Scheme 1 Schematic illustration of the preparation of PU/APS–DS–LDH nanocomposites.

2. Experimental

2.1 Materials

PU pre-polymer was prepared from polypropylene glycol (PPG-1000) and 2,4-toluene diisocyanate (TDI), and the isocyanate content in the PU pre-polymer was 5.85%. TDI, PPG-1000, phenylmercuric acetate (C₈H₈HgO₂) were provided by JLC (BJ) M. T. Co. Ltd. γ-aminopropyltriethoxysilane (APS), sodium dodecyl sulfate (SDS), Mg(NO₃)₂·6H₂O, Al(NO₃)₃·9H₂O, NaOH, trimethylolpropane (TMP), dry tetrahydrofuran (THF) were supplied by Aladdin Chemical Reagent Co. Ltd. (Shanghai, China). The deionized and decarbonated water was used in all the experimental processes.

2.2 Synthesis of Mg–Al–LDH

The Mg–Al–LDH nanoparticle in nitrate form was prepared by separate nucleation and aging steps.

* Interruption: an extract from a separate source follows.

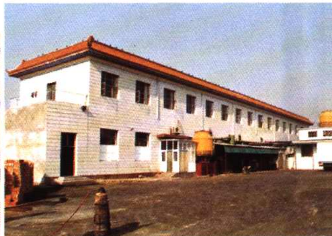
辛口镇水高庄冷冻厂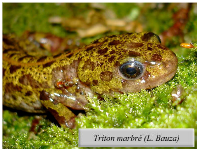
Triton marbré (L. Bauza)

Tritons marbrés , Salamandre et Crapaud commun sont signalés en forêt de Touffou le 10/07 (LB) où ces espèces sont bien connues. Le 26/08, Grenouilles agiles , Rainettes vertes et Crapaud commun y sont notés (PT). Enfin, l' Alyte accoucheur est contacté près de l'église de Boussay le 11/08 avec 3 à 4 individus (JYC).

Carbonate-free distilled water was used for dissolution of chemicals and the preparation was carried under nitrogen. 12.8 g of Mg(NO₃)₂·6H₂O and 9.4 g of Al(NO₃)₃·9H₂O with a Mg²⁺/Al³⁺ molar ratio of 2 : 1 were dissolved in 100 mL distilled water (solution A). 6.0 g of NaOH was dissolved in 100 mL distilled water (solution B). At room temperature, solution A and B were simultaneously flowed into the colloid mill stirring for 3 minutes with 4000 rpm, then the gel-like resultants were fast transferred into the flask, the pH value of the mixture was kept at 10. Coprecipitation was carried out under vigorous stirring at 85 °C for 12 h. The product was filtered off, washed thoroughly with distilled water and dried at 80 °C. The obtained sample was denoted as Mg–Al–NO₃–LDH.

2.3 Synthesis of surfactant-intercalated Mg–Al–LDH by anionic exchange process

2.0 g of Mg–Al–NO₃–LDH was dispersed into 100 cm³ distilled water (solution C). 2.72 g of SDS (0.01 mol) was dissolved in 100 mL hot distilled water (solution D). At room temperature, solution C and D were dropped into flask with vigorous stirring to exchange the anion under nitrogen. The mixture was aged at 80 °C in a water bath for about 12 h, and then the resultant slurry was filtered, washed thoroughly with distilled water, and dried at 80 °C. The obtained sample was denoted as DS–LDH.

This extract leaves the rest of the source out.